Tutti, quindi, anche se turbati, confusi e sconvolti per quello che inaspettatamente, in questi ultimi due anni, è successo, dobbiamo cercare, con il Papa, un’unica via da percorrere, che necessariamente dovrà coincidere con quella della solidalità con tutti gli esseri umani, colpiti indiscriminatamente dal virus, con la voglia di ripulire le “stanze” del potere, di qualunque potere, da ogni “sporcizia” che si è accumulata nel tempo, che non è solo, per la Chiesa quella della pedofilia.

 Di tale sporcizia per primo, ben sedici anni fa, ha parlato l’allora Cardinale Ratzinger, futuro Pontefice, commentando una stazione della Via Crucis davanti a Giovanni Paolo Secondo.

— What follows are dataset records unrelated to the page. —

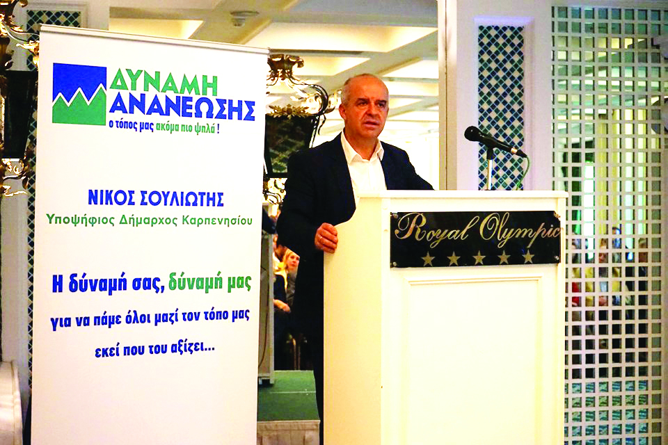 Την Κυριακή 12 Μαΐου 2019 πραγματοποιήθηκε η παρουσίαση του συνδυασμού «Δύναμη Ανανέωσης» στην Αθήνα παρουσία πλήθους ετεροδημοτών. Στην κατάμεστη από Ευρυτάνες αίθουσα του κεντρικού ξενοδοχείου της Αθήνας ο επικεφαλής του συνδυασμού και υποψήφιος Δήμαρχος Καρπενησίου Νίκος Σουλιώτης πραγματοποίησε ομιλία αναφερόμενος στο πολιτικό πρόγραμμα του συνδυασμού του και σε εξαγγελίες που στόχο έχουν την ανάπτυξη του τόπου. Όπως στο Καρπενήσι έτσι και στην Αθήνα προβλήθηκε ένα ολιγόλεπτο βίντεο που περιελάμβανε σημαντικά γεγονότα κατά την διάρκεια της τετραετούς θητείας του νυν Δημάρχου Καρπενησίου και ξανά υποψήφιου Δημάρχου κ. Νίκου Σουλιώτη. Στο βίντεο έγινε μια σύντομη αναφορά στα έργα υποδομής που υλοποίησε ο Δήμος Καρπενησίου με πρωταρχικό στόχο την παροχή των αγαθών που αξίζουν οι πολίτες του Δήμου. Προβλήθηκαν επίσης, οι τέσσερις (4) βραβεύσεις που έλαβε ο Δήμος Καρπενησίου, μια εκ των οποίων πρόκειται για διεθνή διάκριση, τόσο για τις σύγχρονες υποδομές όσο και για την διατήρηση του πρασίνου σε πολύ υψηλά επίπεδα. Τέλος, δεν παραλείφθηκε να γίνει αναφορά στις πολιτιστικό έργο του Δήμου που αποτελεί και ένα σημαντικό κομμάτι για την ανάδειξη του τόπου των παραδοσιακών εθίμων αλλά και των σύγχρονων δράσεων που προάγουν το πολιτιστικό πνεύμα και την αγάπη για τον τόπο.Στη συνέχεια, ο υποψήφιος Δήμαρχος Καρπενησίου παρουσίασε τους υποψήφιους Δημοτικούς του Συμβούλους, με κάποιους από αυτούς να απουσιάζουν. Ομιλία πραγματοποίησε και ο Περιφερειάρχης Στερεάς Ελλάδας κ. Κώστας Μπακογιάννης ο οποίος δήλωσε μεταξύ άλλων «περήφανος για τον Νίκο Σουλιώτη και την ομάδα του που διατηρούν υψηλό επίπεδο στον προεκλογικό λόγο παρά τις προκλήσεις που αντιμετωπίζουν». Ο ίδιος μάλιστα δεν παρέλειψε να αναφερθεί στα κονδύλια που εννιά χρόνια τώρα διατέθηκαν για τον Δήμο Καρπενησίου τα οποία ξεπέρασαν τα 100 εκατομμύρια ευρώ με σκοπό την βελτίωση του τόπου αλλά και της ζωής των πολιτών.
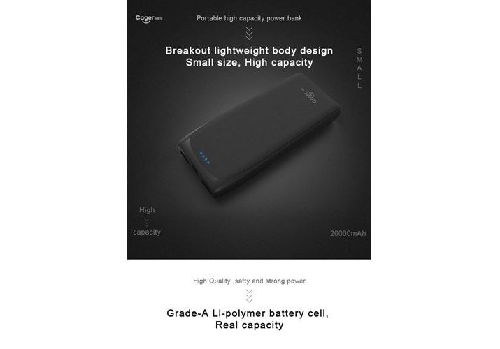 CAGER Power Bank 20000 Mah, batterie Nomade pour Smartphones et Tablettes.
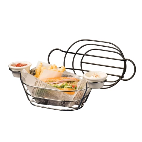 This American Metalcraft oval basket has handy ramekin holders on each end, perfect for holding a side of salsa for chips or sauces for chicken wings. Ramekins sold separately.
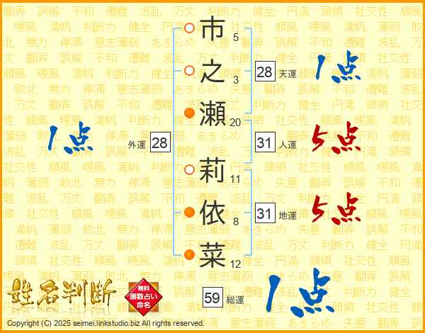 市(5画)之(3画)瀬(20画) 莉(11画)依(8画)菜(12画)
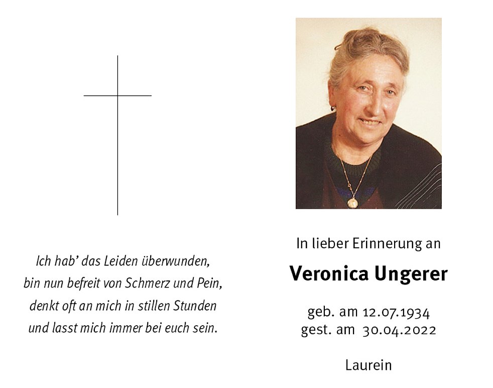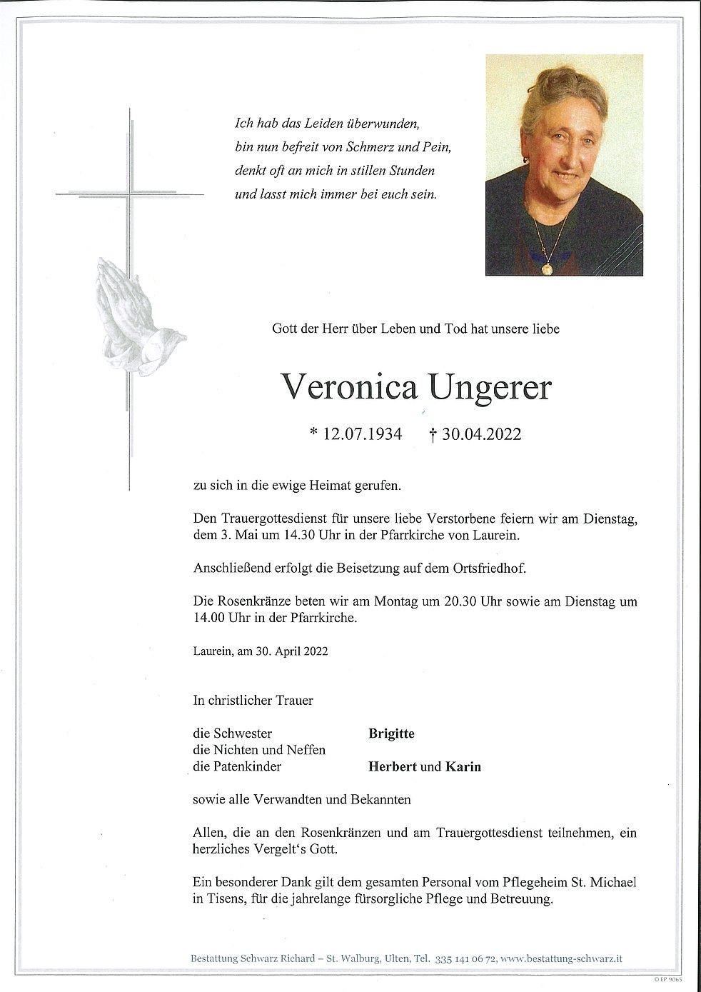 Den Trauergottesdienst für unsere liebe Verstorbene feiern wir am Dienstag, dem 3. Mai um 14.30 Uhr in der Pfarrkirche von Laurein.

Egli ha legato direttamente la sporcizia alla superbia e all’autosufficienza di tanti cristiani, in primis dei suoi sacerdoti e aggiunse: “la veste e il volto così sporchi della tua Chiesa ci sgomentano. Ma siamo noi stessi a sporcarli!”.

Queste non sono parole profetiche di un anziano uomo di chiesa, ma rappresentano l’analisi lucida di chi ha saputo leggere il suo tempo, un Papa che ha visto nella superbia umana il vero male, del quale Ratzinger forse si è sentito schiacciato, e forse anche in parte corresponsabile con il Papa precedente, tanto che dopo otto anni dalla sua elezione a Pontefice Romano, ha ritenuto di “abbandonare”, con le sue dimissioni espresse davanti ai cardinali, la nave che stava affondando.

Ha ceduto, allora, la guida a Papa Francesco, che è diventato (legittimamente perché eletto in un conclave) il “nocchiero” di una Chiesa “in gran tempesta”.

A se stesso Ratzinger ha affidato il compito di fare o forse anche di presumere di fare (non sappiamo bene cosa il Papa emerito sia) il “custode”, all’interno delle mura del Vaticano dell’«ortodossia» e, pertanto di scrivere, parlare, rilasciare interviste, non abbandonare le insegne pontificie, essere sempre “ Sua Santità”.

Le parole di Ratzinger, in quel che sembra ormai un lontanissimo 2005, cercano di mettere in guardia l’uomo, e in particolare l’uomo di chiesa, dal peccato di sempre, quello di colui che vuole mettersi al posto di Dio, tradire la Sua Parola.

Il Papa, è pienamente consapevole che in questi momenti di tragedia apocalittica inaspettata, siamo entrati in uno spazio sconosciuto, un tempo di incertezza, che ci obbliga a imparare un nuovo modo di vivere.

Egli rimane, intanto, ancora davanti ai nostri occhi – ed è difficile o impossibile cancellarla –  l’immagine della solenne benedizione Urbi et Orbi, alla Città e al Mondo, impartita da Papa Francesco dal sagrato della Basilica di San Pietro, all’inizio della pandemia in una piazza deserta.

L’immagine del Papa, carico del peso, non tanto dei suoi anni, quanto del dolore grande per le vittime, ci mostra un Uomo che ha preso su di sé la disperazione del mondo, ha guardato a Cristo e ha trovato parole di speranza in questo buio.

Questa immagine diffusa in tutte le radio, nelle televisioni di tutto il   mondo, crediamo che renda bene cosa sia la Chiesa e come dovrà ancor di più essere in questo momento; non una Chiesa che si chiude all’interno dei suoi “palazzi”, ma che mostra il suo volto, nelle cui rughe si rivela la vitalità del Vangelo.